Sicché alle sette mi ritrovai solo. Non cercai nessuno: avevo bisogno di riflettere sull’evento dal quale poteva venire scombussolata la mia intera esistenza che travagliosa era già e poteva cambiare anche in peggio. Intanto dovevo risolvere il legame quasi biennale con due donne di Bologna, come ho già detto. Altre due o tre erano abbastanza lontane per non dovermene preoccupare, del resto pure loro si occupavano pochino di me. Sapendo di questa poliginia, una di Trieste mi aveva detto: “Tu non sei un uomo, sei una prostituta. Da chi hai preso?”
“Da mamma no di certo - risposi - la madre mia è santa”.
Le due che invece vivevano nei paraggi erano Pinuccia ed Esculapia.

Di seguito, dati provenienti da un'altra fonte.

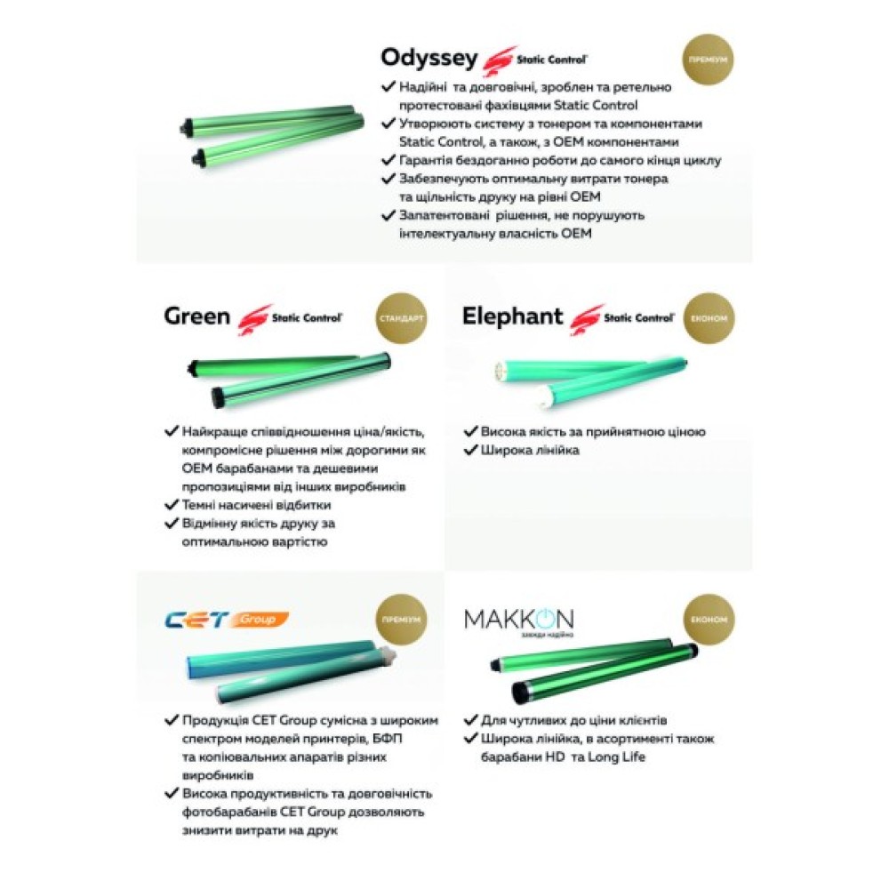 · Широка лінійка, в асортименті також барабани HD та Long Life
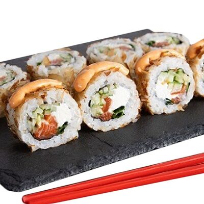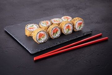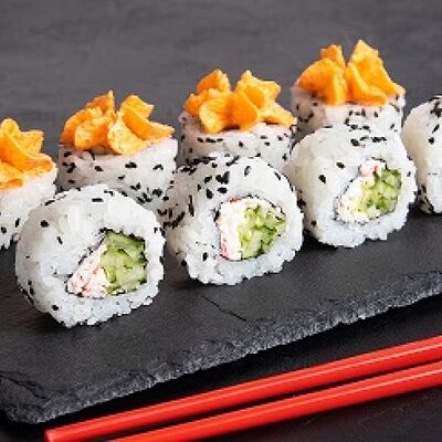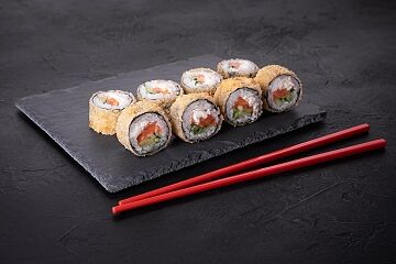 Рис, нори, филе курицы в панировке, огурец, салат айсберг, помидор, соус для запекания, кунжут

Le vedevo a turno e con entrambe a turno facevo l’amore nel talamo grande senza amare la prima, un’impiegata, né la seconda: un medico, medico donna per essere chiaro.
Non volevo rinunciare ai vantaggi che queste amicizie mi offrivano, né dovevo far loro del male e non volevo inquinare la mia identità con la menzogna. Fino a quel momento avevo taciuto e dissimulato ma simulare non volevo e non potevo. Disimulatore spesso, simulatore quasi mai e non di qualsiasi cosa. Perciò con queste due, una alla volta, mi sarei confessato al più presto.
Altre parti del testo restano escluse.